[Dataset excerpts]
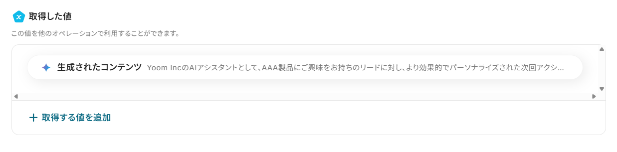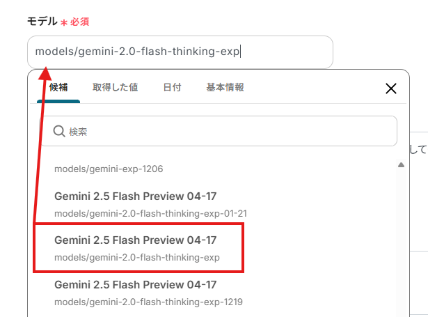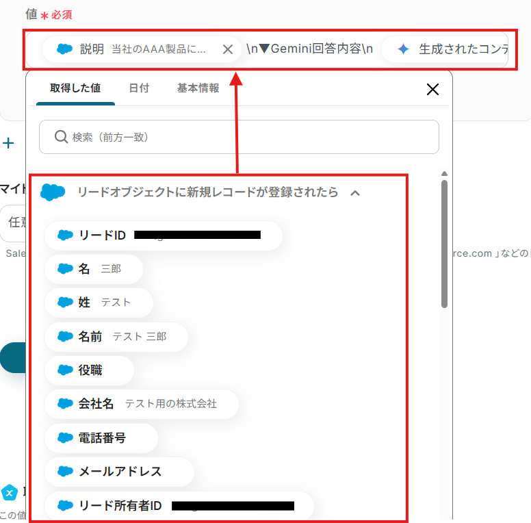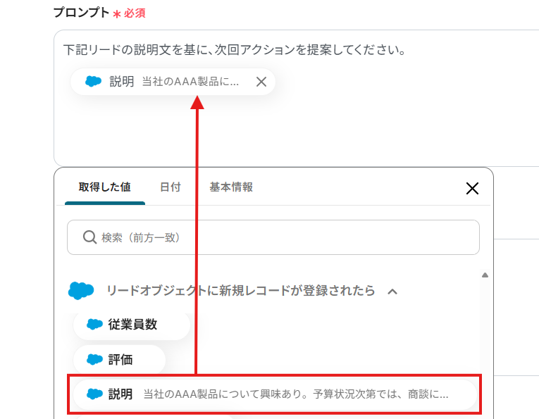 「プロンプト」は、Geminiへの指示を入力しましょう。 入力欄をクリックして表示される取得した値から選択してください。 取得した値を活用することで、固定値ではなく、トリガーが実行されるたびに最新の情報が反映できます。 直接入力した値は、固定値になります。 今回は、以下画像のように設定しました。
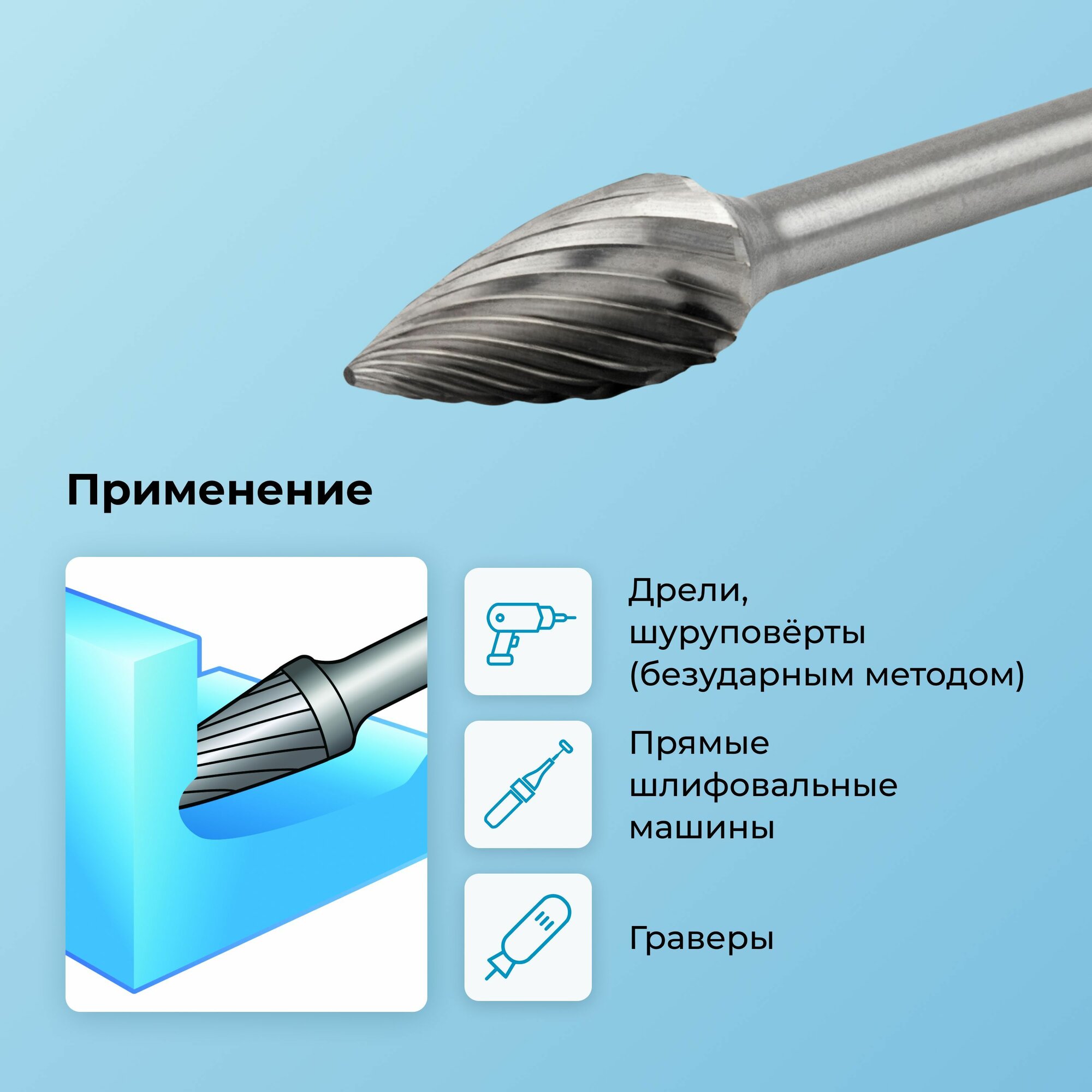 Борфреза твердосплавная NORGAU Industrial параболическая 6 мм, форма G, SCM 1 058 ₽
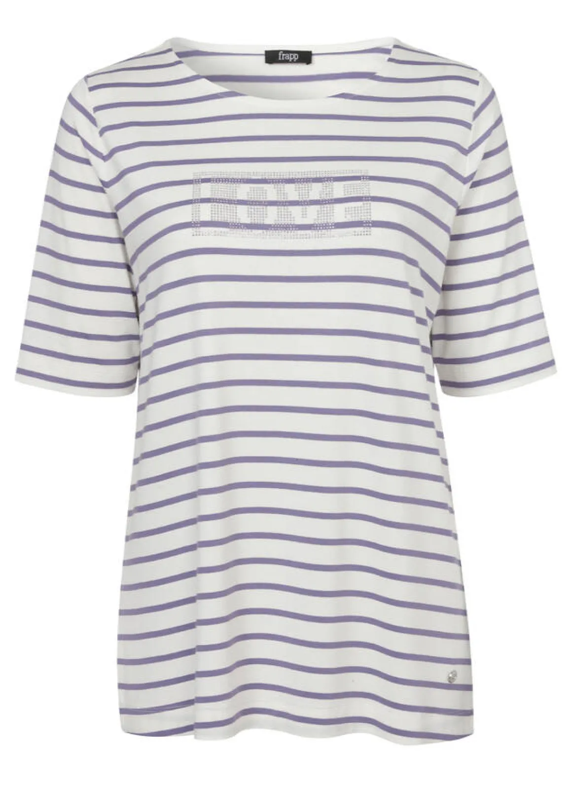 Machen Sie ‚Love‘ zu Ihrem persönlichen Tagesmotto – mit diesem T-Shirt von FRAPP. Für das zeitlose Design sorgt das gestreifte Allover-Muster. Dabei setzen Glitzersteine und eine Logo-Applikation glänzende Eyecatcher. Mit seiner lässigen Passform schafft es das Shirt zudem, Ihre Silhouette perfekt zu umspielen, und bietet zusammen mit der hochwertigen Viskose-Stretch-Mischung optimalen Komfort.
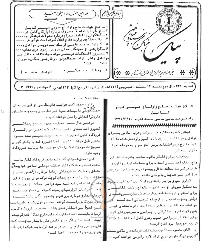 1- ارتش هیئت صلح و اوضاع عمومی شهر کابل
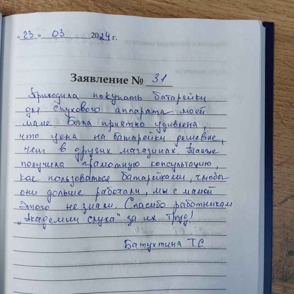 Большое спасибо за внимательное отношение и качественное обслуживание инвалидов по слуху. Почистили мой аппарат, заменили трубочку на вкладыше, рассказали про уход. Спасибо вам всем большое.
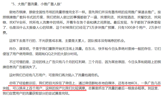 其实(shí)在地方棋牌兴起之初(chū),不少平台的推广人(rén)员就盯(dīng)上了(le)地方微信公众号等自媒(méi)体(tǐ),在文章(zhāng)内容合适的情况(kuàng)下,用户转(zhuǎn)化非常不错(cuò)。小编记(jì)得,去年年(nián)底的时候,一个地方(fāng)棋牌的(de)创业者写了(le)一(yī)篇这样的文(wén)章《本地棋牌游戏运营年终(zhōng)总结:风险与机遇(yù)并存》。在(zài)文(wén)章中作者(zhě)提到过,他们的推广团队一开始主打线下(xià),用(yòng)户增长和付费率并(bìng)不(bú)高。后来专(zhuān)攻(gōng)微信群(qún)和本地自媒体,一条广告几百块(kuài)钱,可以换来上百个用(yòng)户。
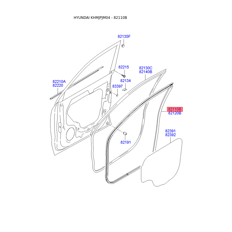 При отриманні замовлення перевіряйте комплектацію товару Ущільнення дверей ліве 82110-2E001 Mobis.
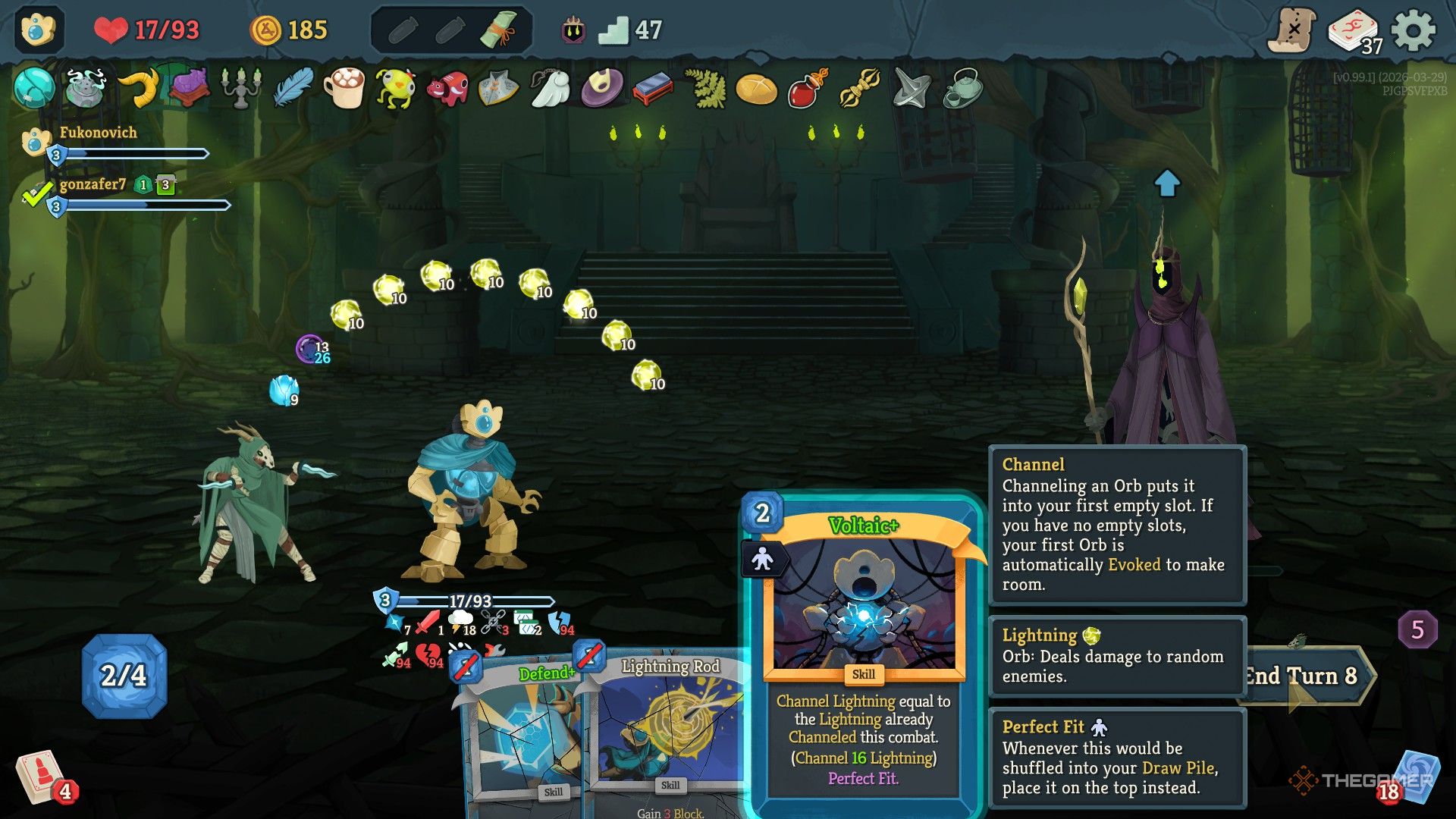 “伏特”可以让你引导闪电球,次数与你在当前战斗中引导闪电球的次数相同。起初,这可能没有多大帮助,因为您可能没有很多闪电卡。此外,它具有“消耗”效果,因此只能使用一次。
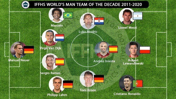 En tanto en el equipo mundial de Europa para la IFFHS figuran el portugués Cristiano Ronaldo, el español Sergio Ramos, el alemán Tony Kroos y el brasileño Marcelo, entre otras figuras. En el once de la década hay cuatro jugadores del Real Madrid (Ramos, Marcelo, Kroos y Luka Modric) más CR7, que jugó en el club hasta 2018.
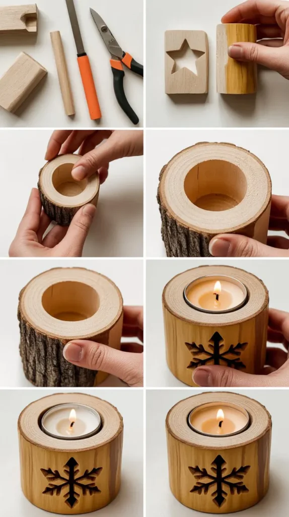 Wooden candle holders blend functionality with festive decoration, creating products that customers use throughout the holiday season.
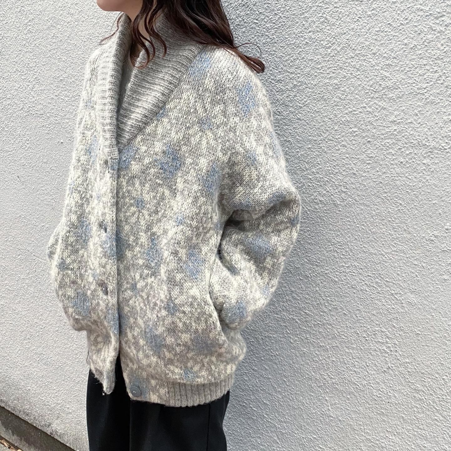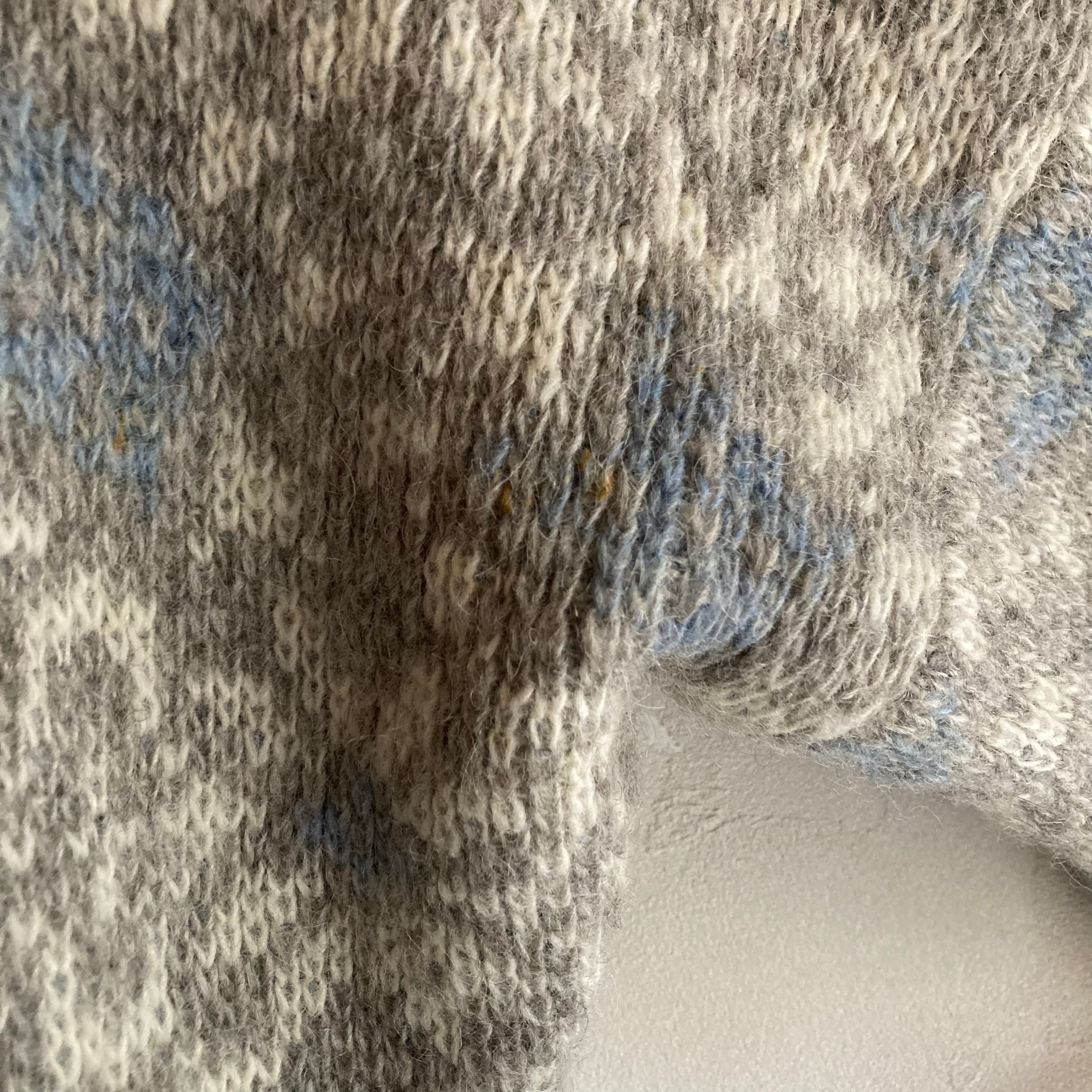 グレーベースにホワイトやブルーのノルディック柄が冬らしいニットジャケットです。100% ウールで裏地もしっかりしているので暖かくお召し頂けます。
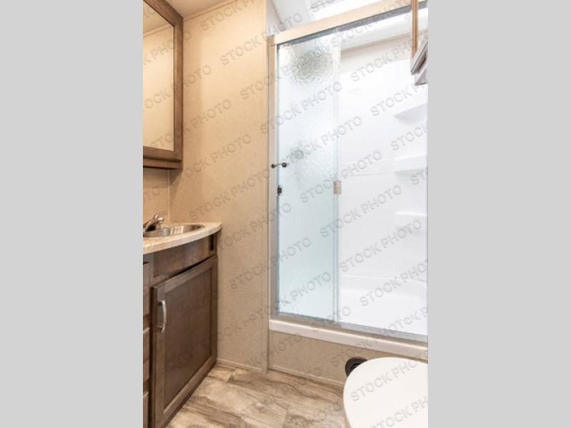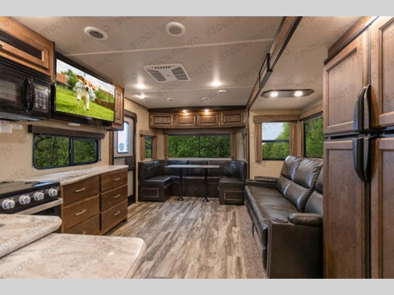 You can expect a great camping weekend or week long trip with this Refection travel trailer in tow. This unit is perfect for any couple seeking an outdoor adventure that is also looking to enjoy a bit of at-home comforts as well. Step inside and notice how the outdoors makes its way inside through the large panoramic windows surrounding the rear U-shaped dinette and above the slide out that contains a theatre seat and your 12 cu. ft. refrigerator and pantry. The 78" theatre seat has room for three so you can invite your camp neighbors over and have plenty of seating to enjoy the 40" LED swing arm TV. At night, a queen pillowtop mattress will be a welcome retreat for a great night's rest. You will find plenty of storage for your clothing and things with bedside shirt closets, a king size wardrobe with storage drawers, and more space for the clothing you hang. The underbed storage is also nice for larger items you wish to keep inside. When you wake each morning the full bath nearby will welcome you with a glimpse of the day ahead through the large shower skylight. And, when you are ready for your next adventure, head out through one of the two entry/exit doors.
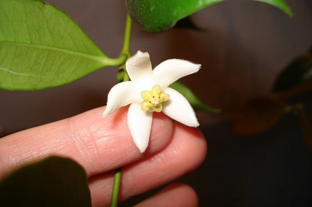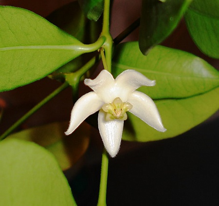 Сидит в горшочке диаметром 10 см, длина плетей около 50 см. Цветок пахнет жасмином.

What this task involves: Lines from the one containing "You can expect" through the final line of the entries above are to be retyped exactly, with every picture left out.

Task response:
 You can expect a great camping weekend or week long trip with this Refection travel trailer in tow. This unit is perfect for any couple seeking an outdoor adventure that is also looking to enjoy a bit of at-home comforts as well. Step inside and notice how the outdoors makes its way inside through the large panoramic windows surrounding the rear U-shaped dinette and above the slide out that contains a theatre seat and your 12 cu. ft. refrigerator and pantry. The 78" theatre seat has room for three so you can invite your camp neighbors over and have plenty of seating to enjoy the 40" LED swing arm TV. At night, a queen pillowtop mattress will be a welcome retreat for a great night's rest. You will find plenty of storage for your clothing and things with bedside shirt closets, a king size wardrobe with storage drawers, and more space for the clothing you hang. The underbed storage is also nice for larger items you wish to keep inside. When you wake each morning the full bath nearby will welcome you with a glimpse of the day ahead through the large shower skylight. And, when you are ready for your next adventure, head out through one of the two entry/exit doors.
 Сидит в горшочке диаметром 10 см, длина плетей около 50 см. Цветок пахнет жасмином.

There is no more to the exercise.